While not a friendly UX, you may be able to get the total time by manually adding up the time of each section (?). However, you still would not be able to tell if e.g. two modules were compiled in parallel, because you don't know what times they started at.
I think an easy solution for this is to print the total time a module took to compile, as well as the UTC time when compilation began and ended. I'm not super familiar with GHC's debugging options, but from the documentation
-ddump-timings would be a natural place for this information. This would match existing
-ddump output like
-ddump-simpl printing the exact UTC times of each simplification step.
This would enable two things:
- The total time per module would make it obvious which modules were slow to compile. Once the information was in
-ddump-timings, external tools (or just a small shell script) could parse that info and sort results by total time.
- The timestamp at the beginning and end of compilation could be used to know what modules are compiling at what time. This information would help determine when GHC is bottlenecked on a single module.

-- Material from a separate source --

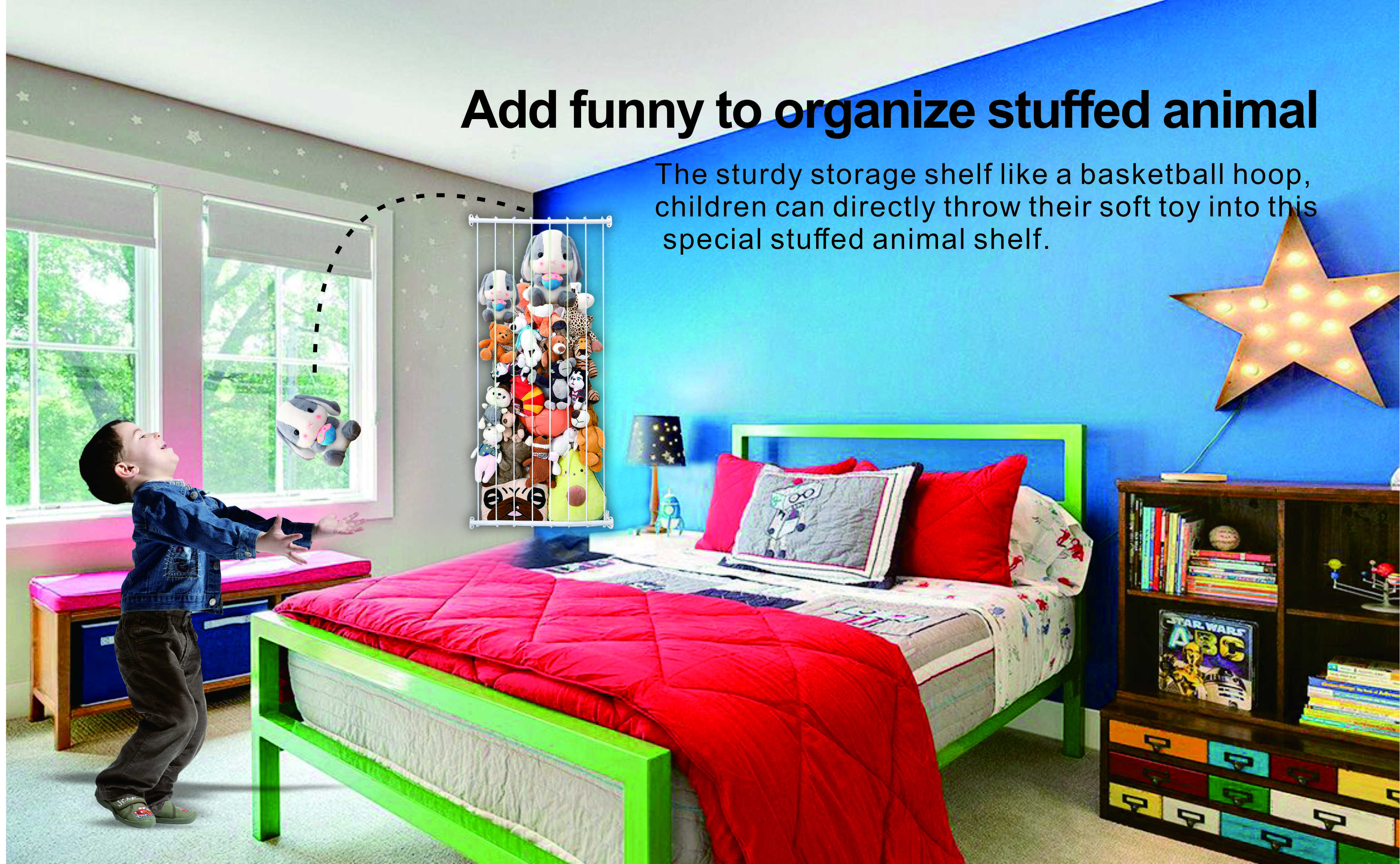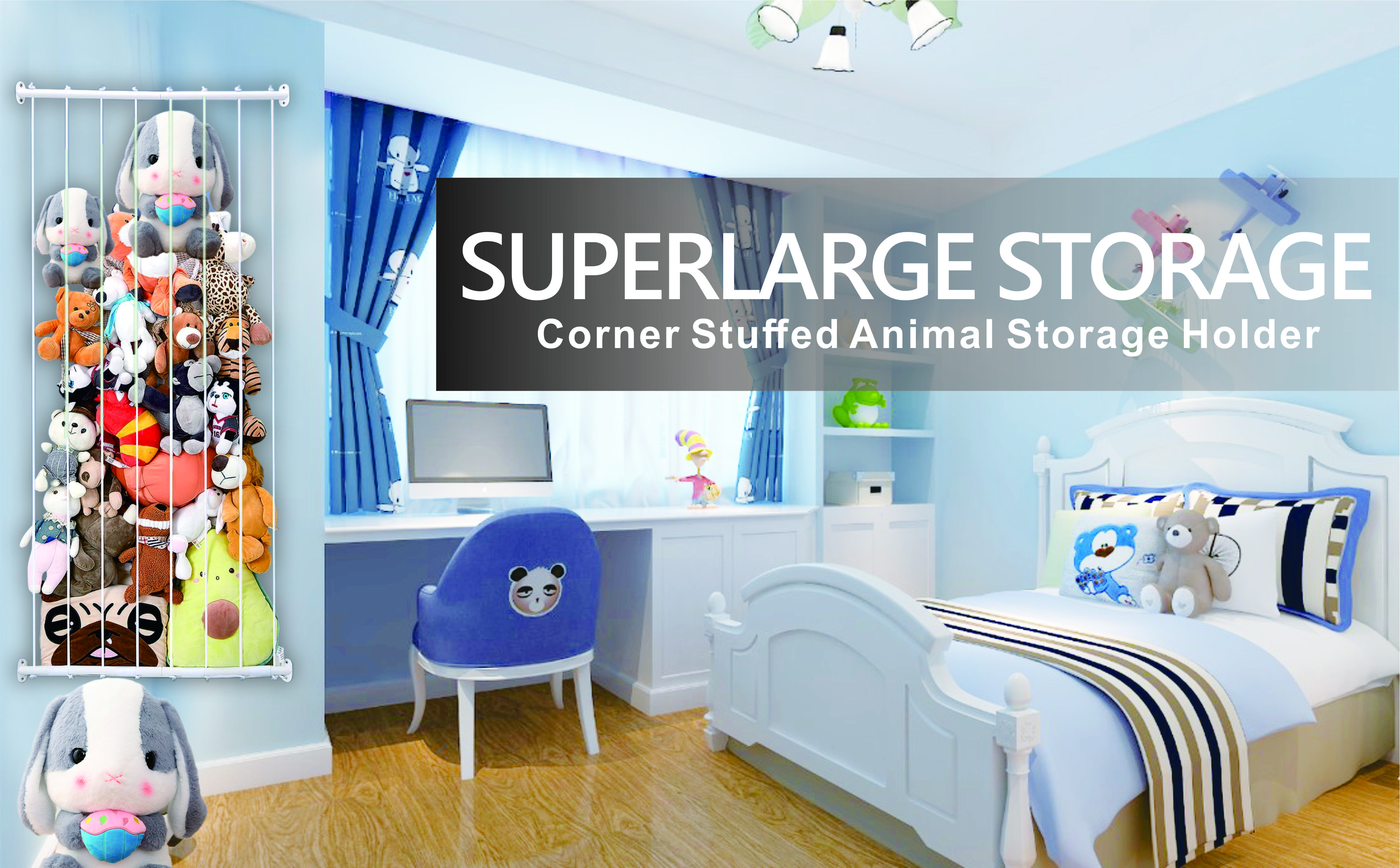 1. Efficient storage solution for utilizing idle space, perfect for organizing and storing stuffed animal toys using specially designed corner storage racks, keeping your room tidy and organized.

To elaborate on the timestamp use-case, imagine we're compiling these modules, with E depending on D, and D on A/B/C:
E | D / | \ A B C
If I see that modules A, B and C all run from 0–2s, I can tell that they are being compiled in parallel (yay!). If I then see that module D runs at 2–5s, followed by E at 5–6s, I can get a rough idea that I could speed up compilation by e.g. breaking up module D into parts, or trying to extract some of E to compile in parallel with D. One could use the timestamps to create a visualizations to aid in this:
A====|D=============|E==== B==== C====
Note that the static dependency graph information isn't sufficient to know what to improve, but is helpful. The compilation time could have easily been this instead:
A==== |D====|E==== B==== C==========
I imagine there are other ways this information could be exposed to users. For example, a profiled version of GHC might emit events that say when compilation of a module began and ended. This would probably be reasonable, but simple timestamps added to GHC's existing debug output seem like an easy, accessible solution.
I'm also not sure if CPU time (what GHC currently gets in its
withTiming function as far as I can tell) or UTC time (what is output in the -ddump-simpl output) is preferable.